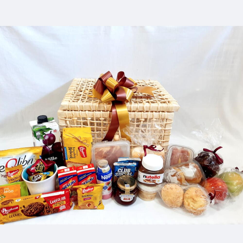 iogurte - 170 gr. maçã - 1 un. presunto - 1 un. bolinho bauducco - 1 un. torrada bauducco - 1 un. pera - 1 un. sachês de açúcar - 2 un. pães de leite - 1 un. suco de frutas - 1000 ml sachês de chá - 2 un. cacho de uvas - 1 un. mussarela - 1 un. cookie bauducco - 1 un. fatias de bolo - 2 un. biscoitos salgados (club social) - 2 un. creme de avelâ (nutella) - 1 un. pote de geléia (queensberry) 320g - 320 gr. torrada equilibri panetini - 1 un. croiassant - 1 un. *brinde: caneca* - 1 un. 2 achocolatados (200 ml) - 200 ml chocolates (sonho de valsa serenata de amor ou ouro branco) - 1 un.
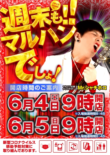 6月はじマル!2日(木)【新台入替】× 朝9時から営業!
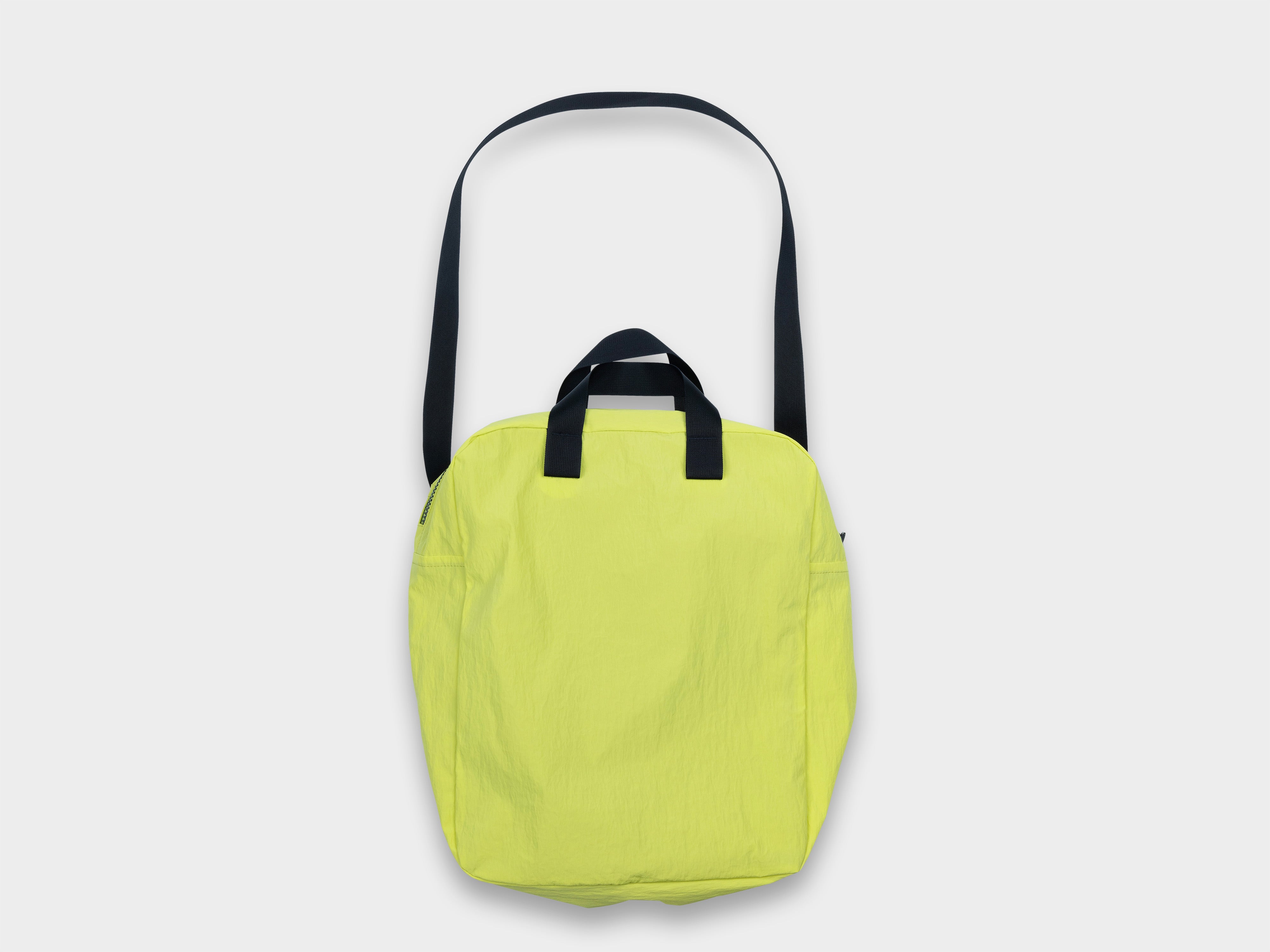 +Multi-handle tote with enlarged zip closure. Long shoulder strap designed to be worn crossbody. Made in Japan.
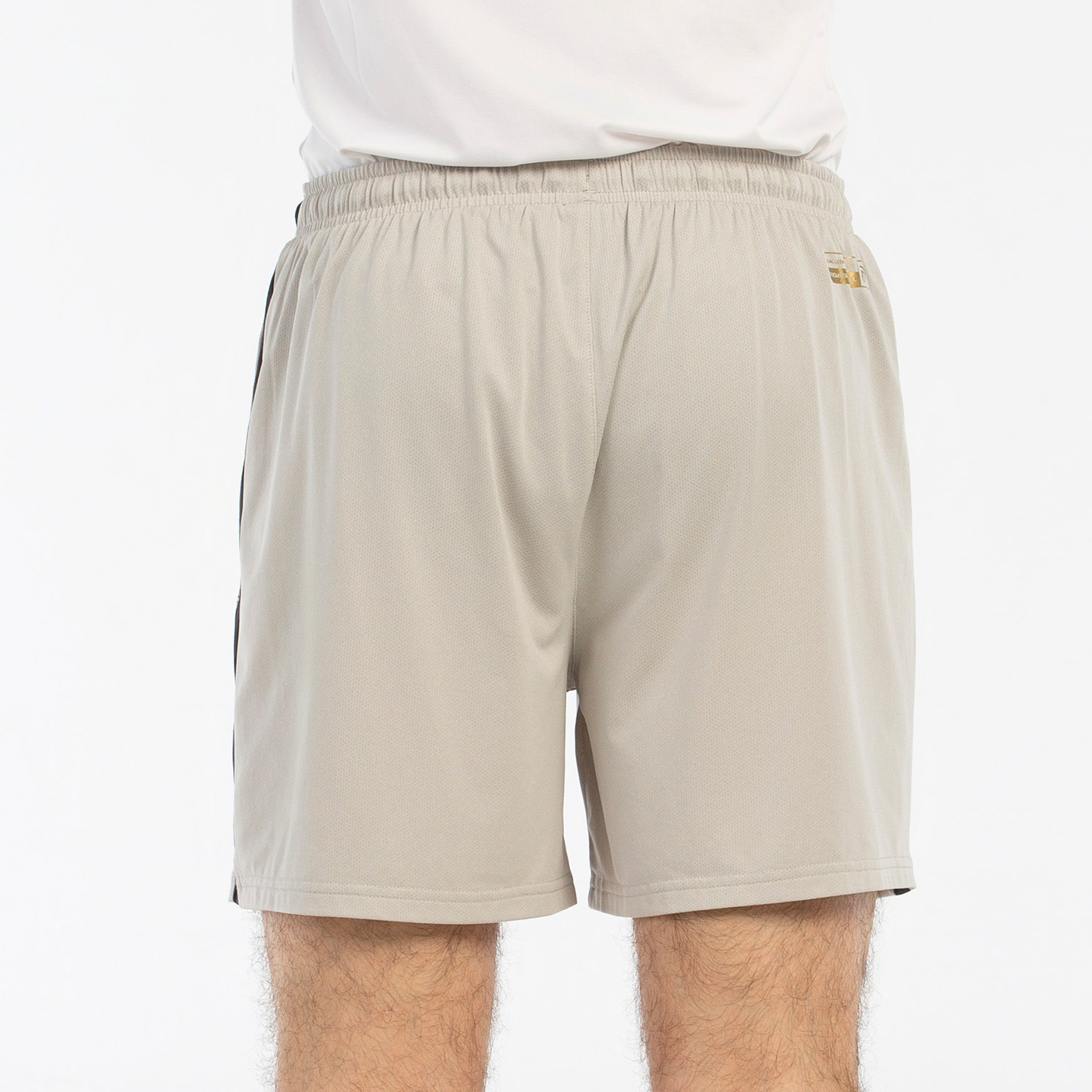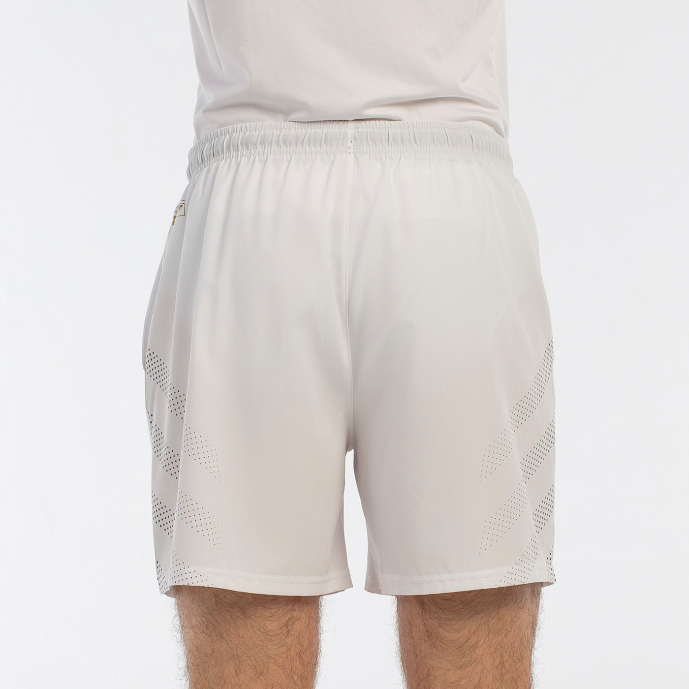 Bermuda en tejido de rejilla de poliéster elástico. Se le aplica la tecnología Drynamic, utiliza los microfilamentos para reducir la humedad y ayudar a la transpiración. Diseño compuesto de pantalón con un largo de 42 cm, bandas laterales a contraste, cinturilla ajustable con cordón, bolsillos y suspensorio interior de rejilla. Decorada con los gráficos de Premier Padel.

[Problem statement]
Write out every line above again exactly, with the pictures left out.

[Exercise solution]
 iogurte - 170 gr. maçã - 1 un. presunto - 1 un. bolinho bauducco - 1 un. torrada bauducco - 1 un. pera - 1 un. sachês de açúcar - 2 un. pães de leite - 1 un. suco de frutas - 1000 ml sachês de chá - 2 un. cacho de uvas - 1 un. mussarela - 1 un. cookie bauducco - 1 un. fatias de bolo - 2 un. biscoitos salgados (club social) - 2 un. creme de avelâ (nutella) - 1 un. pote de geléia (queensberry) 320g - 320 gr. torrada equilibri panetini - 1 un. croiassant - 1 un. *brinde: caneca* - 1 un. 2 achocolatados (200 ml) - 200 ml chocolates (sonho de valsa serenata de amor ou ouro branco) - 1 un.
 6月はじマル!2日(木)【新台入替】× 朝9時から営業!
 +Multi-handle tote with enlarged zip closure. Long shoulder strap designed to be worn crossbody. Made in Japan.
 Bermuda en tejido de rejilla de poliéster elástico. Se le aplica la tecnología Drynamic, utiliza los microfilamentos para reducir la humedad y ayudar a la transpiración. Diseño compuesto de pantalón con un largo de 42 cm, bandas laterales a contraste, cinturilla ajustable con cordón, bolsillos y suspensorio interior de rejilla. Decorada con los gráficos de Premier Padel.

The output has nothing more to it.